Ciudad de México. - México se enfrenta al gusano barrenador, que logró atravesar la barrera biológica que se estableció en la selva del Darién, frontera natural entre Panamá y Colombia, y avanzó por Centroamérica hacia el norte, afectando principalmente al ganado, pero también a otros animales de sangre caliente, incluidas mascotas, caballos e incluso personas, provocando varias muertes.
La hondureña Cristina Henríquez Funes, de 70 años, contó a EFE que se contagió tras sufrir una pequeña herida en el pie provocada por una espina, mientras recolectaba leña para encender el fogón donde prepara sus alimentos.
Con dificultad para hablar, relató: "Llegó la mosca y me puso los animales", y explicó que le extrajeron cuatro larvas y permaneció 40 días hospitalizada.

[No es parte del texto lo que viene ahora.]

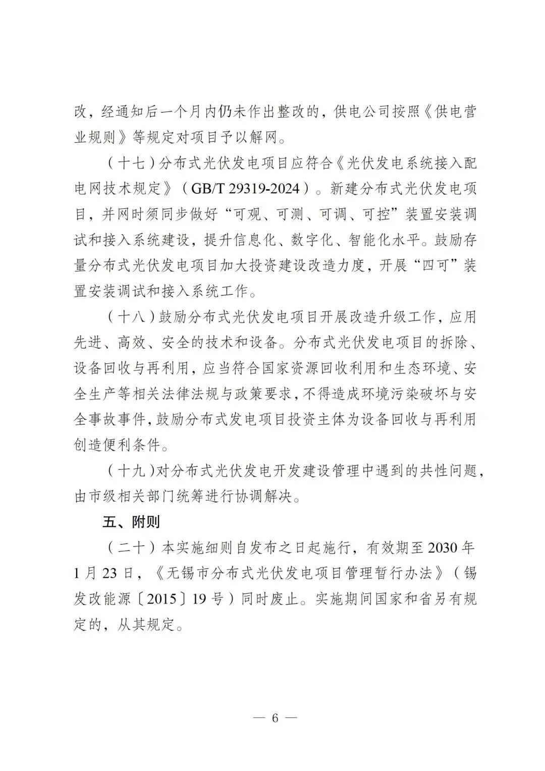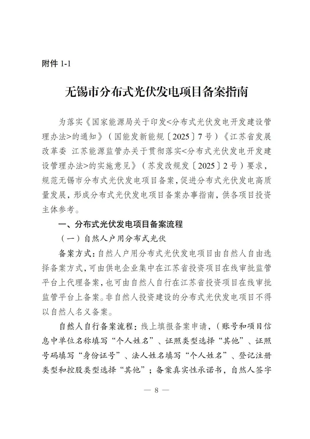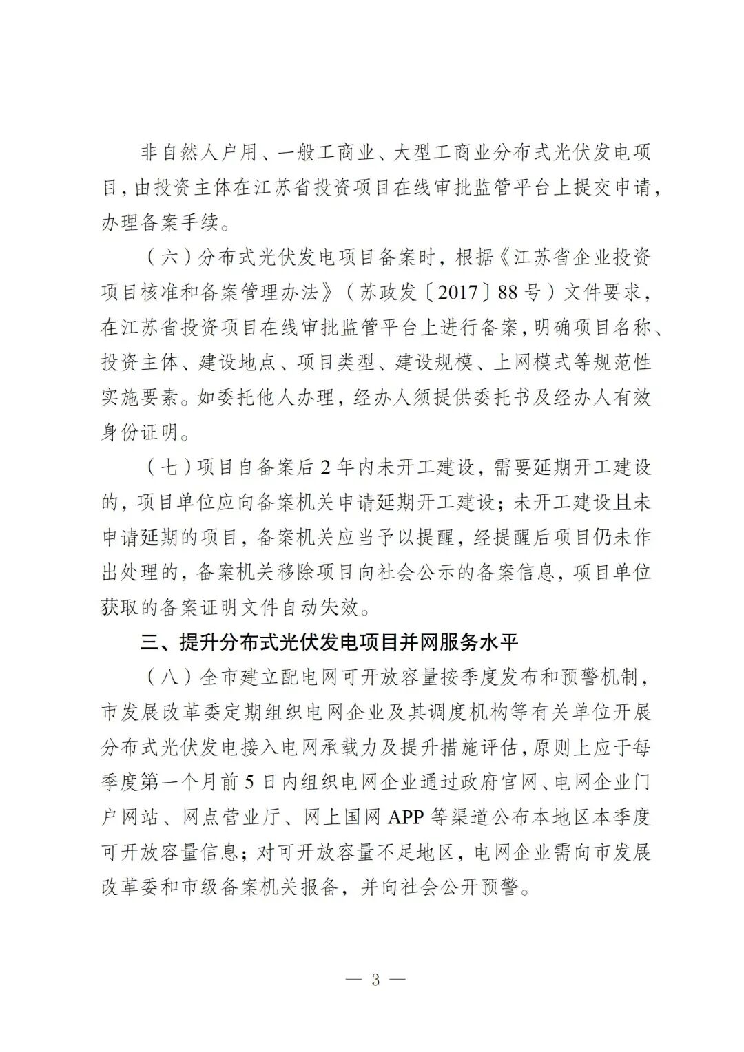 10月15日,无锡市分布式光伏发电开发建设实施细则印发。根据文件,非自然人投资开发项目不得以自然人名义备案,不得通过隐瞒场地租用关系以房屋产权人名义备案,后期从产权人名下账户提取发电收益等手段牟取利益。向备案机关提供虚假信息的,备案机关应根据《江苏省企业投资项目核准和备案管理办法》要求项目责令限期改正。项目自备案后2年内未开工建设,需要延期开工建设的,项目单位应向备案机关申请延期开工建设;未开工建设且未申请延期的项目,备案机关应兰予以提醒,经提醒后项目仍未作出处理的,备案机关移除项目向社会公示的备案信息,项目单位获取的备案证明文件自动失效。

Viuda y sin hijos, su cuidado quedó a cargo de su pariente Evangelina Henríquez.
Según Evangelina, la mujer —ya recuperada— estaba en casa de una familiar cuando una inflamación en la pierna motivó su traslado a un centro de salud en Lepaterique. De ahí fue enviada en ambulancia al Hospital Escuela de Tegucigalpa, donde estuvo ingresada un mes y medio.
Este caso forma parte de los 134 registrados en Honduras, que han dejado al menos cuatro fallecimientos.